In celebration of Halloween, we are counting down the days with 13 of the scariest, creepiest, or simply unforgettably grim horror movies that ever crawled under our skin and never left. Join us each day as we look back on 13 horror movies that still know how to trick and treat viewers to their nightmares. Enter Carnival of Souls…
Carnival of Souls isn’t that scary, with the cheesy makeup and the carousel, but it is unsettling. As Mary Henry makes her break from reality, as death creeps into her daily life and peeks through her keyhole, we feel the shift in our own reality, and we merge with her encroaching madness. We dislocate along with her and become disincarnate. Who knows what shifting into death is like? For all we know, this could be a good representation.
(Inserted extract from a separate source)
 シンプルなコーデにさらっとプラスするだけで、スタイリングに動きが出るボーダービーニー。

But I’m getting ahead of myself. Carnival of Souls starts out as a drag race movie. Crazy teenagers have been spinning their bitchin’ wheels since James Dean lost that game of chicken in Rebel Without a Cause. Yes, he lost, he jumped out first. Drag race movies go back before Fast & Furious. Carnival of Souls is the scariest drag race movie since Grease, which scared me quite a bit, but for entirely different reasons.
This is a dread picture. I love dread pictures more than I love straight out horror movies. Dread pictures create a subliminal atmosphere of tension that slowly creeps from your subconscious to your conscious and make you question everything you feel.
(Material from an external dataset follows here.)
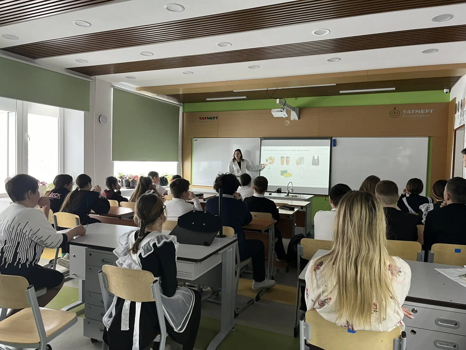 "НПО-Биотех" компаниясе вәкилләре мәктәп укучылары өчен мавыктыргыч дәресләр үткәрде, аларны калдыклар белән җаваплы эш итү дөньясына кертте. Чүп-чарны аерып җыюга һәм эшкәртүгә багышланган ЭКОдәрес үсеп килүче буынның экологик культурасын формалаштыруда мөһим адым булды. Балалар пластик, кәгазь һәм пыяланы сортларга аеру кебек гади гамәлләрнең безнең планетага калдыкларның тискәре йогынтысын сизелерлек киметә алуын белделәр. "НПО-Биотех" экспертлары эшкәртелгән чималдан нинди файдалы материаллар алып, кирәксез әйберләрне яңа эшләнмәләргә әйләндерергә мөмкин булуын ачык күрсәттеләр.

The first time I saw Carnival of Souls was at a revival house in Soho. When we left the theater, the streets seemed discolored. The lingering psychological effects of the danse macabre displaced the concrete with cobble stones and red bricks, yellowed with age as they fought their way out of the black and white netherworld of Mary Henry.
Candace Hilligoss plays Mary Henry with a mix of repulsion, fascination and a groundswell of sexual tenstion. She’s jaded. She’s faded. She is soulless and carefree. Hilligoss, who would star in the reading-of-a-will-in-a-creepy-mansion movie The Curse of the Living Corpse in 1964, unhinges herself from within to become one of the living dead.
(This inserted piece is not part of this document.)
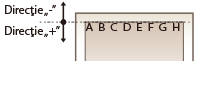 Când marcajele pentru verificarea poziției de imprimare sunt decalate, este necesară reglarea poziției de imprimare. Direcția poziției de imprimare poate fi specificată prin utilizarea unei valori pozitive (+) sau a unei valori negative (-), iar distanța poate fi specificată în milimetri. Pentru a efectua reglarea pe verticală, setați o valoare negativă (-) pentru a deplasa poziția de imprimare în sus sau o valoare pozitivă (+) pentru a deplasa poziția de imprimare în jos. Pentru a efectua reglarea pe orizontală, setați o valoare negativă (-) pentru a deplasa poziția de imprimare spre stânga sau o valoare pozitivă (+) pentru a deplasa poziția de imprimare spre dreapta.

As the arches of the bridge that the car went over merges with the arches of the church where she will be playing organ, professionally, for money and everything, a darkness creeps into Hilligoss’s eyes. She crawled out of those muddy waters in front of the search party and didn’t even ask what happened to her hot-rodding friends. Something is missing. But Hilligoss plays it ambiguously. It might have been missing all along. But at least she doesn’t lose her sense of humor. The first nod to the surreal comes when Mary Henry tries to turn off the movie theme music by changing the station on her car radio.
Music means a lot to Mary Henry. Even though you get a sense that nothing means much to her. But as she auditions for the organist position at the church, you see Mary Henry get lost in the music before she gets lost in the place between worlds. The spiritual chords give way to a sexy decadent carnival waltz and Mary starts to get an organ orgasm. Even the reverend gets too hot under the collar, throwing her out of the house of the lord like he’s casting out a demon harlot.
Mary is adrift in the purgatory of an ordinary town in Utah. The dusty desolation of the small town streets mirror Mary’s emotional and physical detachment, as she becomes emotionally and spiritually dead. The only thing that can still stir her soul is shopping. Oh and Merry-Go-Rounds. The woman is turned on by carousels and corpses. Much more than she is by Mr. Linden (Sidney Berger), the horny dweeb who is the only other tenant in the boarding house, run by the pleasantly feisty actress Frances Feist.
Carnival of Souls was made in 1962 in Lawrence, Kansas, on a shoestring budget that was mainly spent on gas. The car that goes over the bridge in the beginning? They had to fish that out of the water the same day to drive home. The director, Herk Harvey, did double duty as the ghost who tailgates Mary to Utah.
Carnival of Souls is equal parts Twilight Zone, Blue Velvet and The Night of the Living Dead, the supernatural parade in the middle of everyday life. It doesn’t have much in the way of special effects, some makeup and wavy lines straight out of The Outer Limits. It is brought together in nightmarish black and white and subtle acting. It gets under your skin, into your brain and becomes more frightening as you remember it back.